What should have happened in this case is that as soon as the SIS had revealed to the Minister of Immigration that the security concerns over Mr Zaoui were serious, and that the process of reviewing those concerns appeared to be far from straight forward, the Government should have clarified the law in Parliament. That way the Refugee Status Appeal Authority would have had the full facts before deciding whether Mr Zaoui was fit to be granted refugee status and the Courts would have been clear on whether or not he should be free.

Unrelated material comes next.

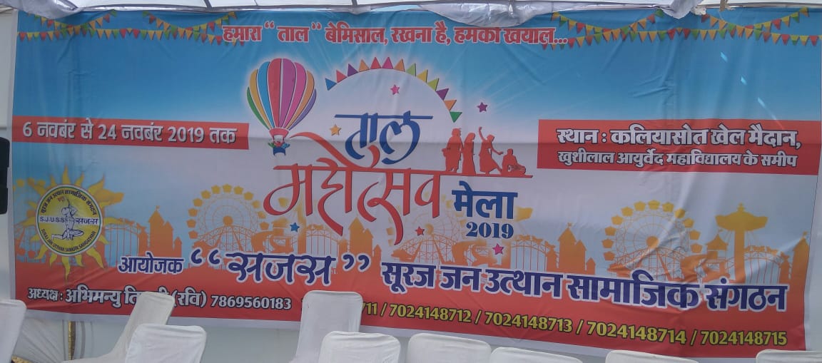 भोपाल। झीलों की नगरी भोपाल (Bhopal) में अब तक का सबसे बड़ा मेला लगने जा रहे है। कलियासोत डैम (Kaliyasot Dam) के पास खेल मैदान में लग रहे ताल महोत्सव मेला 2019 (Taal Mahotsav Mela 2019) की शुरुआत देश के जाने-माने कवि कुमार विश्वास (Kumar Vishwas) की प्रस्तुति के साथ होगी। तालाबों को बचाने की मुहीम के तहत आयोजित हो रहे इस मेले में रंगारंग कार्यक्रम होंगे। कलियासोत डैम में वाटर स्पोर्ट्स (Water Sport’s) के साथ तमाम स्पोर्ट्स एक्टिविटी भी होंगी। ताल महोत्सव मेले का आयोजन सूरज जन उत्थान सामाजिक संगठन ‘सजस’ कर रहा है। मध्यप्रदेश कांग्रेस उपाध्यक्ष एवं समाजसेवी सूरज तिवारी (Suraj Tiwari) महोत्सव संयोजक हैं।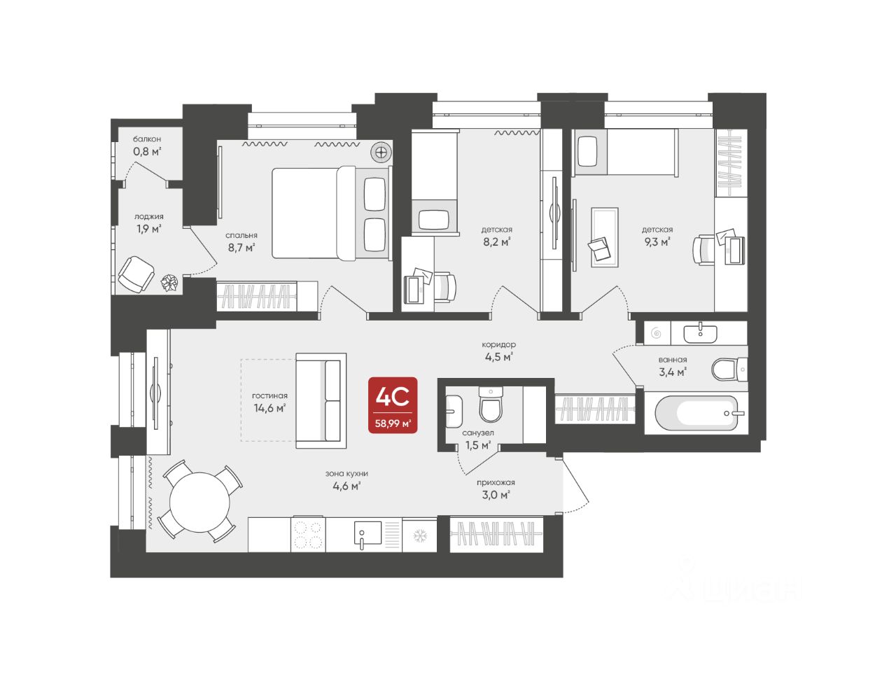 Общая площадь58,99 м2

While the Prime Minister has acknowledged that an urgent law change is needed, she has failed to act, instead choosing to fill up Parliament’s time with her social engineering agenda which, while certainly of importance to minority groups, gives little comfort to the views of the majority who desperately want New Zealand to be kept safe from terrorists.

A few years ago, at the request of a constituent, I visited another illegal immigrant who was being held in prison. He had originally come from Eastern Europe to New Zealand on a false passport, and was being detained after an aborted attempt by the Immigration Department to deport him had ended in tears - the country of origin would not accept the department’s paperwork and they returned him to New Zealand!

After many months in prison, while the paper work was being redone – and it looked like the process could take years – he was released on bail to the Mangere Refugee and Resettlement Centre. With freedom within his reach, I understand that his stay there was short. One day he failed to return and is now one of the more than 20,000 illegal immigrants at large in New Zealand.

They say that justice delayed is justice denied. In the Zaoui case, New Zealand citizens have been penalised twice over: firstly, the delays in this case have cost taxpayers millions of dollars, and secondly, by failing to act on a needed law change, the Government has allowed a suspected terrorist to go free. By doing so, the Government is again reinforcing the impression that, as far as national security issues are concerned, New Zealand is a soft touch. That is unforgivable.

Weekly PC FREE NZ campaign hot issue: With the new smokefree laws being seen as “the latest cog in the Government’s social engineering experiment”, isn’t it strange that, with the over-representation of Maori in smoker statistics, marae, housie halls and prisons, are all excluded from the smoking ban!